SNMP (Simple Network Management Protocol) is a network protocol for monitoring and managing network elements. A manager can use this to query measured values, alarms and other variables of an SNMP agent. KentixONE is able to send data packets to a manager as well as receive data packets from an agent. In this case, KentixONE is the manager. SNMP also offers the option of independently sending messages to the manager as soon as a certain event occurs. Such an unsolicited notification is referred to as a “trap”.
SNMP configuration
To activate SNMP on a Kentix device, the corresponding checkbox must be selected. A list in the form of a CSV file with all measurement and configuration values provided by KentixONE can then be downloaded. Each value has a unique identifier (OID), which is defined by the ASN.1 standard is defined. In addition, an MIB file (Management Information Base) containing the OID tree structure can be downloaded from the Software section of the Kentix homepage. Each branch of the tree structure has a name and a number. As you move through the tree structure (MIB walk), the individual nodes become more and more specific.

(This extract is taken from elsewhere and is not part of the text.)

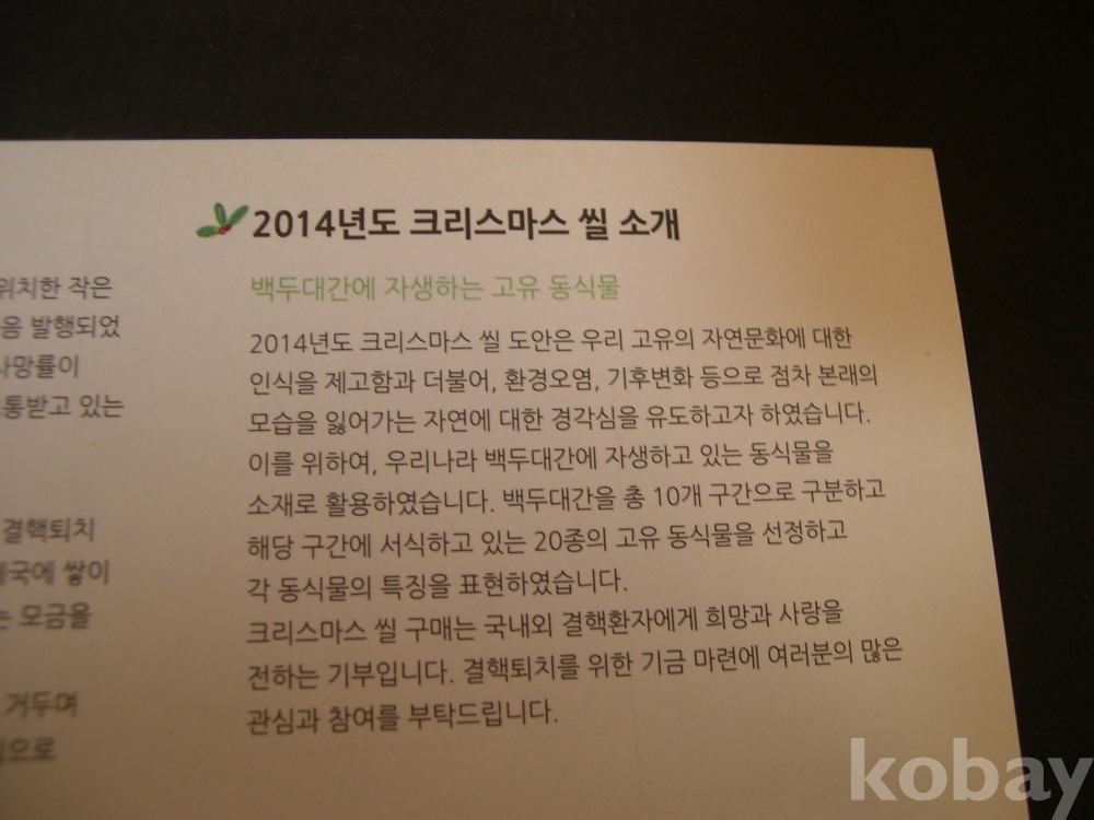 씰 #116 : 백두대간에 자생하는 고유 동식물 - 2014년 크리스마스 씰

After activating the SNMP function, a list of the OIDs generated for the element can be displayed for each element in the DetailView (alarm groups and devices).

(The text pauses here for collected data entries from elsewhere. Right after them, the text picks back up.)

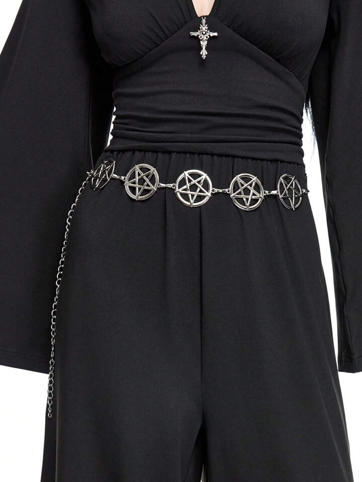 1pc Women's Black Hollow Five-Pointed Star Decor Waist Chain, Gothic Style Party Accessory, Versatile For Daily Wear, Halloween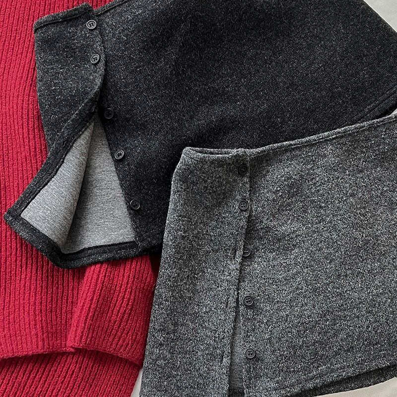 ウエストのボタン付きスカート風パーツが、こなれた雰囲気を演出。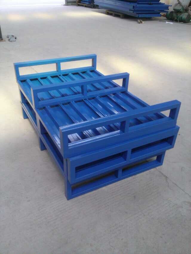 鋼制托盤是一種用于機械化裝卸、搬運和堆存貨物的集裝箱單元工具,基本結構由單層鋪板下設縱梁或墊塊、支腿等所組成,托盤的最小高度以能方便使用叉車或托盤搬運車為原則。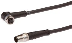 Kabel połączeniowy, 5 m, żeński M8 (gniazdo) 4‑PINowy kątowy, męski M8 (złącze) 3‑PINowy prosty VK50E054

When KentixOne receives a trap from an agent, KentixONE can retrieve all monitored OIDs of the agent again. A separate query is started for each configured OID.
SNMP accesses
In order for data to be exchanged between the agent and manager, access between the agent and manager must first be configured. The table lists all accesses created. Click on the “+” tab to create a new account and a new configuration window will appear.
General
To set up SNMP access, you must specify whether KentixONE is to act as an agent or as a manager. Three different SNMP types can be set for this purpose. KentixONE is the agent for the SNMP types “Provide data” and “Trap”. KentixONE is the manager for the “Receive data” type. A name and the SNMP version must be assigned to the access. The name of the access appears in the table of all created accesses and when adding SNMP sensors in the detail view and helps with their management. The SNMP version must match for both the agent and the manager. KentixONE supports SNMPv2 and SNMPv3, which differ mainly in the security of data packet transmission. Set the version accordingly. Newly created accounts are not active by default. This must be changed manually by clicking on the corresponding checkbox.
Traps
The menu item only appears if “Trap” is set as the SNMP type. Traps can be sent for the following events:
- Coldstart: An interruption in the power supply triggers a trap.
- Warm start: A restart of the device triggers a trap.

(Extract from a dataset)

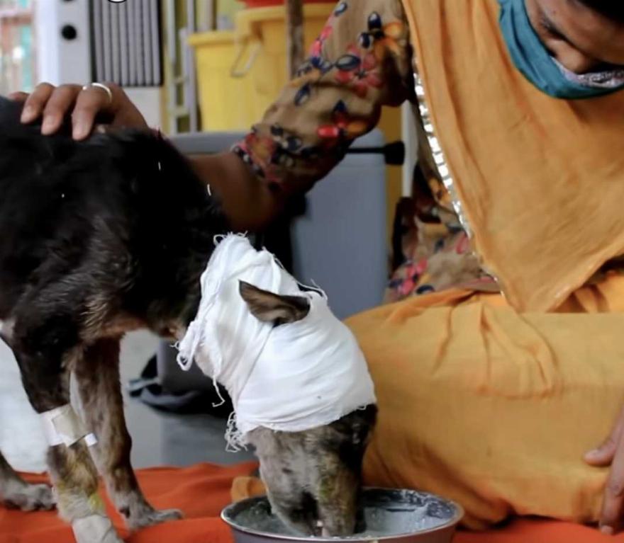 Το σκυλί ήταν πολύ εξαντλημένο και με δυσκολία προσπάθησε να ξυπνήσει απότομα κομα του όμως όταν ξύπνησε κούνησε την ουρά του.Οι γιατροί ελπίζουν ότι θα θεραπευτεί πλήρως.

- Alarm: As soon as an alarm occurs, a trap is triggered.
- Alarm status change: As soon as the status of the alarm changes from alarm to no alarm or from no alarm to alarm, a trap is triggered. The change from acknowledgeable alarm to alarm also triggers a trap.
- Access: As soon as a SmartAccess access event occurs, a trap is triggered.
You can choose between two different display types for alarm and access traps. Bei einem strukturierten Alarm- oder Zutrittstrap werden die Alarmwerte in einem Datenpaket in einzelne OIDs gepackt und gesendet. Bei einem normalen Alarmtrap werden alle Alarmwerte, nur durch ein Komma getrennt, in einen einzigen OID gepackt und gesendet. Beim SNMP-Typ Änderung Alarmstatus werden die Traps immer als strukturierter Trap gesendet.
Authentication
The authentication depends on the SNMP version used.
Version 2 uses so-called communities for authentication between agent and manager. Communities are names that are transmitted by the SNMP service together with the request and represent a previously agreed key (pre-shared key).
From version 3, an authentication protocol and a privacy protocol can be selected. In addition to the two protocols, a user name must be assigned. This is used for authentication. SNMP 3 supports the following combinations:
- No authentication and no privacy protocol
- Authentication and no privacy protocol
- Authentication and privacy protocol
HMAC-MD5 (hash-based message authentication code) and HMAC-SHA can be selected as authentication protocols. SHA and MD5 are two different hash functions. As soon as an authentication protocol is used, the authentication password is also required.
With the “Authentication and Privacy Protocol” combination, a privacy protocol must be selected in addition to the authentication protocol mentioned above. The encryption algorithms DES (Data Encryption Standard), 3DES (Triple-DES), AES (Advanced Encryption Standard) and IDEA (International Data Encryption Algorithm) are supported. With the Advanced Encryption Standard, the key length must also be specified (AES128, AES192, AES256). The Advanced Encryption Standard also offers the option of using a 3DES-enhanced key. In addition to the protocol, the privacy password must be entered.
Settings
As soon as KentixONE wants to query data from an agent, the IP address of the host and the port on which the SNMP service is running are required.
As the SNMP type “Trap” sends an unsolicited data packet to the manager, the IP address of the host and the port must also be specified here. A heartbeat can also be configured. This is used for cyclical function control of the agent. The heartbeat interval specifies the length of the time interval between two heartbeat messages. To test the settings, a single heartbeat message can also be sent by clicking on the “Send trap” button.